C’est dans ce contexte que, par deux arrêts de la chambre sociale de la Cour de cassation en date du 11 mai 2022, statuant en formation plénière (Cass., soc, 11 mai 2022, n°21-14.490 et n°21-15.247), le juge de cassation a confirmé sa position prise dans ses deux avis du 17 juillet 2019 précités et s’est prononcé en faveur de la validité du barème « Macron », en se fondant sur les motifs suivants :

1- Le barème d’indemnisation du salarié licencié sans cause réelle et sérieuse n’est pas contraire à l’article 10 de la convention n°158 de l’Organisation internationale du travail :

L’article 10 de la Convention n°158 de l’Organisation internationale du travail (OIT) précise qu’en cas de « licenciement injustifié », le juge doit pouvoir ordonner le versement d’une indemnité « adéquate » au salarié.

Le terme « adéquate » signifie que l’indemnité pour licenciement injustifié doit, d’une part, être suffisamment dissuasive pour éviter le licenciement injustifié et, d’autre part, doit raisonnablement permettre l’indemnisation de la perte injustifiée de l’emploi.

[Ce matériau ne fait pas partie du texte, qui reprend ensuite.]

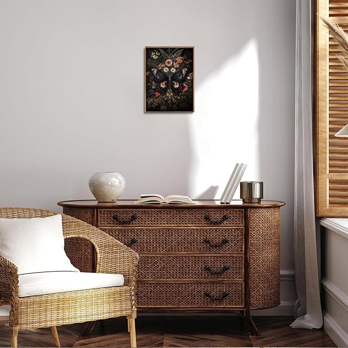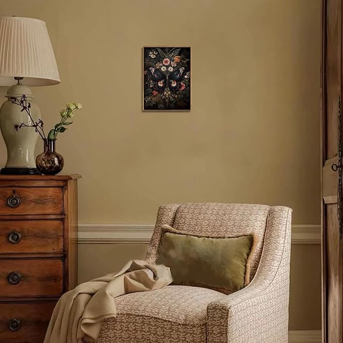 Djmwtb Vintage Framed Wall Art Butterfly Canvas Wall Art Prints Gothic Botanical Floral Pictures Dark Academia Flower Painting Artwork for Living Room Bedroom Bathroom Office 12x16in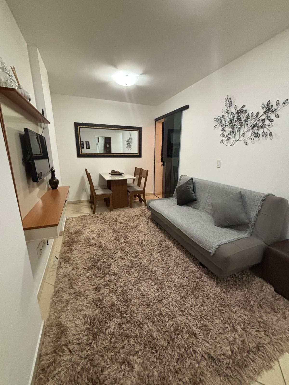 Sala com televisão e sofá-cama (para casal) . Mesa para 4 pessoas, contendo uma pequena varanda com vista para o Parque de Águas Claras. Cozinha com geladeira, microondas, armários e uma área de serviço, contendo máquina de lavar, tanque, varal e uma tábua de passar roupas. 1 banheiro social. 2 quartos, ambos com cama de casal e armários. Tem WI-FI e 1 vaga de garagem coberta. Área comum contém: recepção, funcionários 24h, quadra esportiva, brinquedos e câmeras de segurança. Próximo a tudo!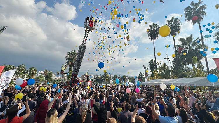 Motorcuların konvoyu eşliğinde alana giriş yapan Tamer Talha, burada Büyükşehir Belediyesi’ne ait İtfaiye aracının merdivenine çıkarak, katılımcılarla rengarenk balonları gökyüzüne bıraktı.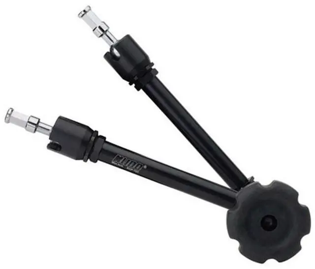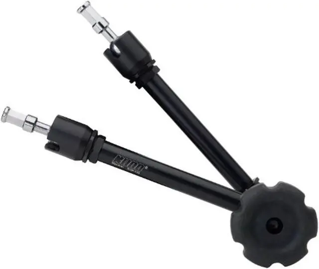 The Kupo Max Arm with Hand Wheel is an adjustable arm that allows you to position a camera, lighting fixture or accessory in any position within seconds. The two 0.62" (16mm) studs at either end are attached to ball joints that rotate 360 degrees, plus a cut-out in the sleeve surrounding the ball allows the stud to be bent 90 degrees. One stud is tapped to receive a 3/8"-16 thread, while the other is tapped to receive a _-20 thread. Each stud has six milled flat surfaces, so whatever you mount on the Max Arm will not rotate.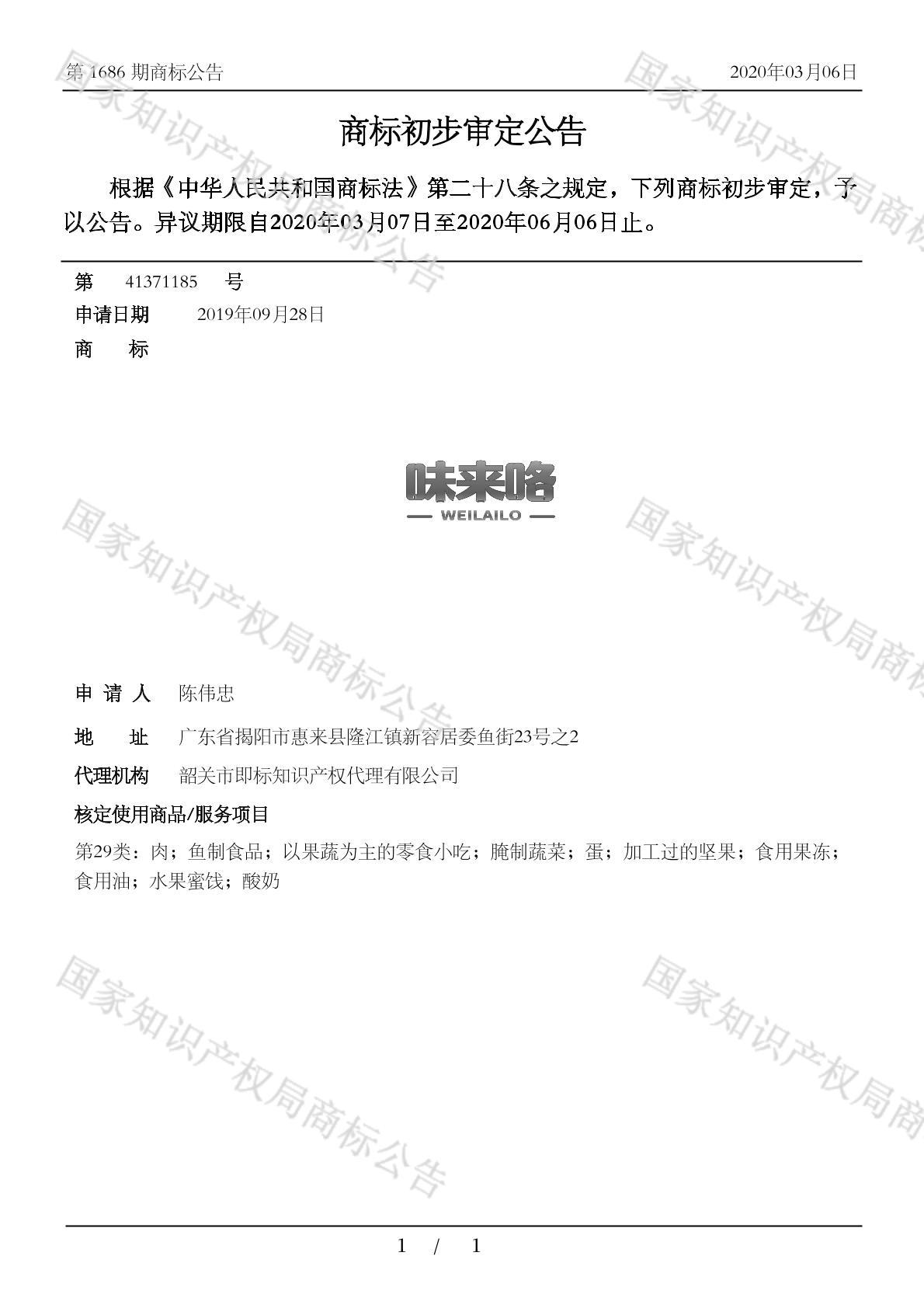 初审公告期号:1686
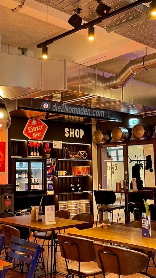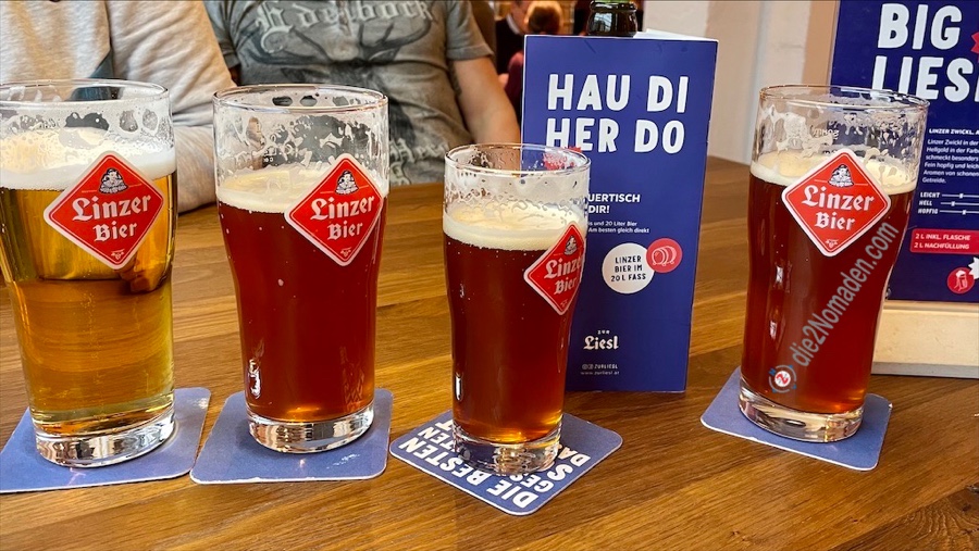 Da uns die Wanderung hungrig gemacht hat, statten wir dem Lokal in der Tabakfabrik „Zur Liesl“ einen Besuch ab. Das Ambiente des Lokals, das wir noch nicht kannten, gefällt uns, die Kellner sind freundlich und schon bald stehen drei kühle große und ein kleines Linzer Bier vor uns.
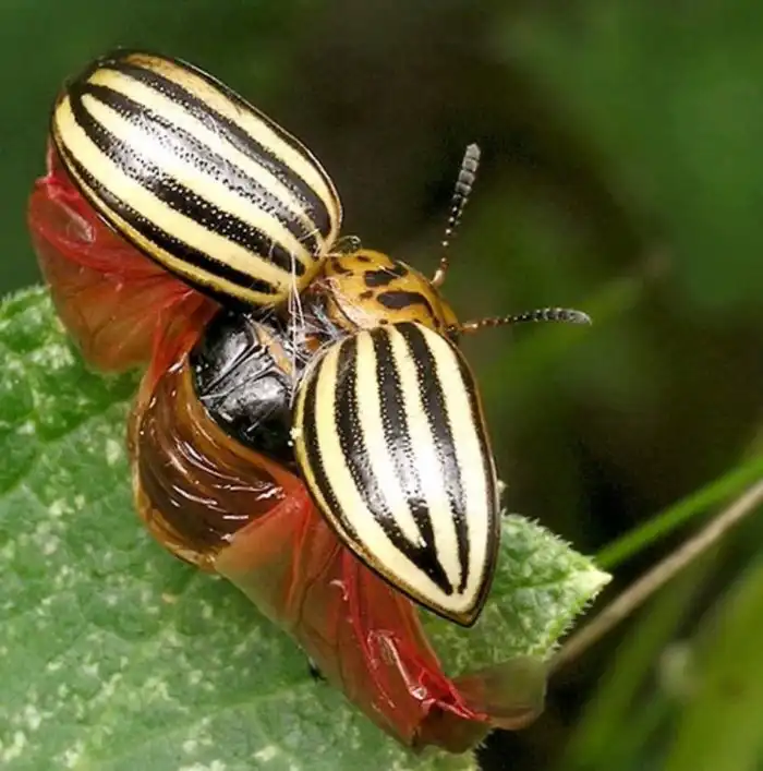 Описывать в деталях нашего гостя из семейства листоедов не имеет смысла. Каждый видел этих вредителей на своём участке. Крупные насекомые (от 8 до 12 мм) с жёсткими крыльями и полосатыми спинками являются предвестниками беды для большинства посадок семейства паслёновых. Любимое блюдо ненасытных монстров — листья картофеля, но если их нет, с удовольствием полакомятся томатом, сладким перцем, баклажанами и другими культурными растениями.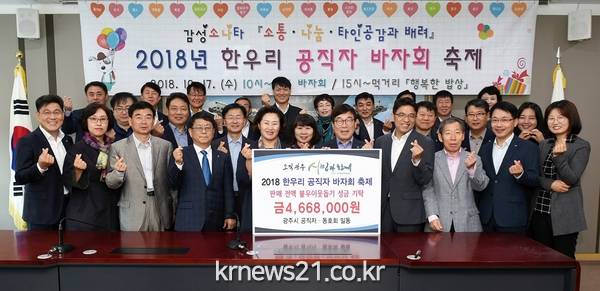 광주시(시장 신동헌)는 ‘공직자 감성 소나타’의 일환으로 개최한 ‘2018년 한우리 공직자 바자회 축제’ 수익금 전액을 기탁했다고 23일 밝혔다.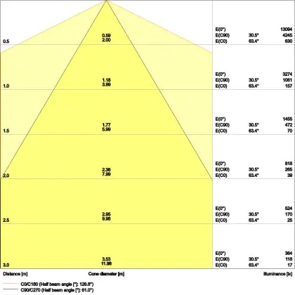 ![]() The colour code is a combination of colour rendering (CRI) and light colour (Kelvin). The first number indicates the colour rendering (1 = very poor colour rendering, 9 = maximum colour fastness). The second and third number contains the light colour. Example: the colour code 830 consists of good colour rendering (8) and warm white light (3000K). |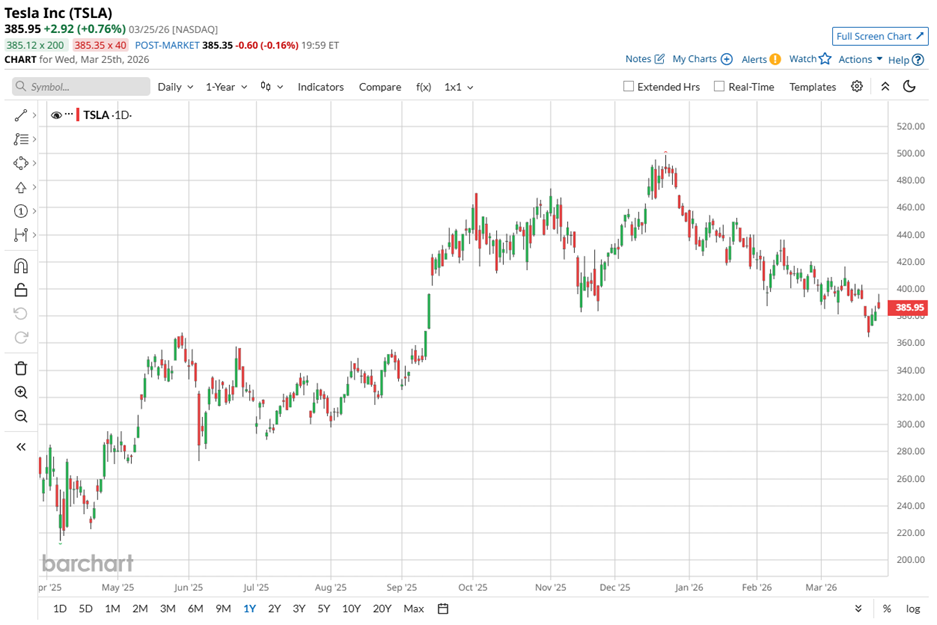 Tesla carries a market cap of approximately $1.45 trillion, reflecting both dominance and expectation. Over the past 52 weeks, the stock has gained nearly 36.77%, though it has pulled back 17.26% year-to-date (YTD), signaling some near-term pressure.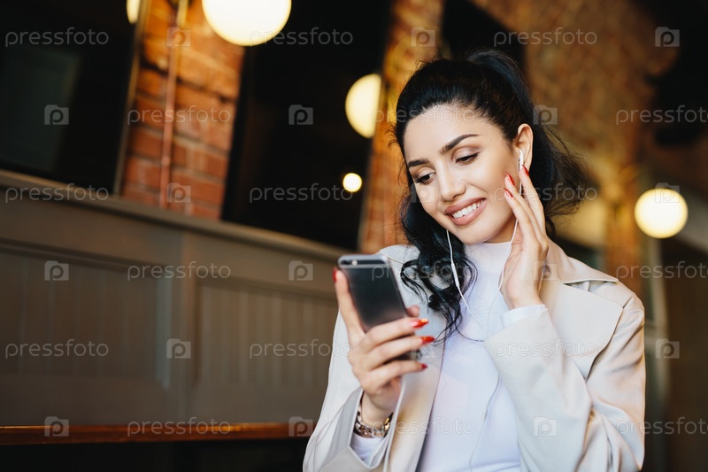 Улыбающаяся женщина с темными волосами, завязанными в конский хвост, в белой одежде держит смартфон и слушает музыку на своем электронном устройстве. Стильная женщина отдыхает в кафе с помощью приложения с улыбкой на лице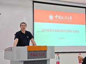会议伊始,熊金武教授首先强调了资本金融系优秀的办学经历,打破了过往对法学院校办商科的种种质疑,然后具体阐述了法大金融合理的培养方案和比较优势。熊金武教授以自身为例,讲述了自身的求学经历以及最终留在北京继续进行学习和研究的故事,鼓舞同学们珍惜这段宝贵的学习时光,努力提升自己的专业素养和综合能力。

A cet égard, la Cour relève que le barème n’est pas applicable lorsque le juge constate que le licenciement est entaché d’une des nullités prévues au deuxième alinéa de l’article L. 1235-3-1 du Code du travail : violation d’une liberté fondamentale, harcèlement moral ou sexuel, discrimination, etc…

Elle relève également que lorsqu’un licenciement est sans cause réelle et sérieuse, le Code du travail impose au juge d’ordonner d’office à l’employeur de rembourser aux organismes d’assurance-chômage jusqu’à 6 mois d’indemnités.

Il en résulte que le barème ainsi institué permet raisonnablement l’indemnisation de la perte injustifiée de l’emploi.

En outre, le caractère dissuasif des sommes mises à la charge de l’employeur est également assuré par l’application, d’office par le juge, du remboursement des indemnités de chômage versées au salarié injustement licencié.

In fine, au regard de la marge d’appréciation laissée aux États et de l’ensemble des sanctions prévues par le droit français en cas de « licenciement injustifié », la Cour de cassation juge le barème compatible avec l’article 10 de la Convention n°158 de l’OIT.

2- Le juge français ne peut écarter, même au cas par cas, l’application du barème au regard de cette convention internationale :

Selon la Cour de cassation, en matière de licenciement sans cause réelle et sérieuse, un contrôle de conventionnalité in concreto reviendrait pour le juge français à choisir d’écarter le barème au cas par cas, au motif que son application ne permettrait pas de tenir compte des situations personnelles de chaque justiciable et d’attribuer au salarié l’indemnisation « adéquate » à laquelle fait référence l’article 10 de la Convention de l’OIT.

Or, un tel contrôle :

  • Créerait pour les justiciables une incertitude sur la règle de droit applicable, qui serait susceptible de changer en fonction de circonstances individuelles et de leur appréciation par les juges ;
  • Porterait atteinte au principe d’égalité des citoyens devant la loi, garanti à l’article 6 de la Déclaration des droits de l’homme de 1789.

Dans un tel cadre, la Cour relève que la détermination du montant réparant le préjudice causé par un licenciement sans cause réelle et sérieuse ne se prête pas à un contrôle de conventionnalité in concreto.

3- La loi française ne peut faire l’objet d’un contrôle de conformité à l’article 24 de la Charte sociale européenne, qui n’est pas d’effet direct :

L’article 24 de la Charte sociale européenne prévoit que les États signataires s’engagent à reconnaître aux salariés qui ont été licenciés sans motif valable le droit à une indemnité « adéquate ».

Cependant, les dispositions de l’article 24 de la Charte ne sont pas d’effet direct en droit interne, dans un litige entre particuliers.

Il en résulte que les salariés et les employeurs ne peuvent se prévaloir de l’article 24 de la Charte sociale européenne devant le juge en charge de trancher leur litige.  


En conclusion, du fait de ces arrêts, le Conseil de prud’hommes sera tenu de faire application du barème indemnitaire mentionné à l’article L. 1235-3 du Code du travail.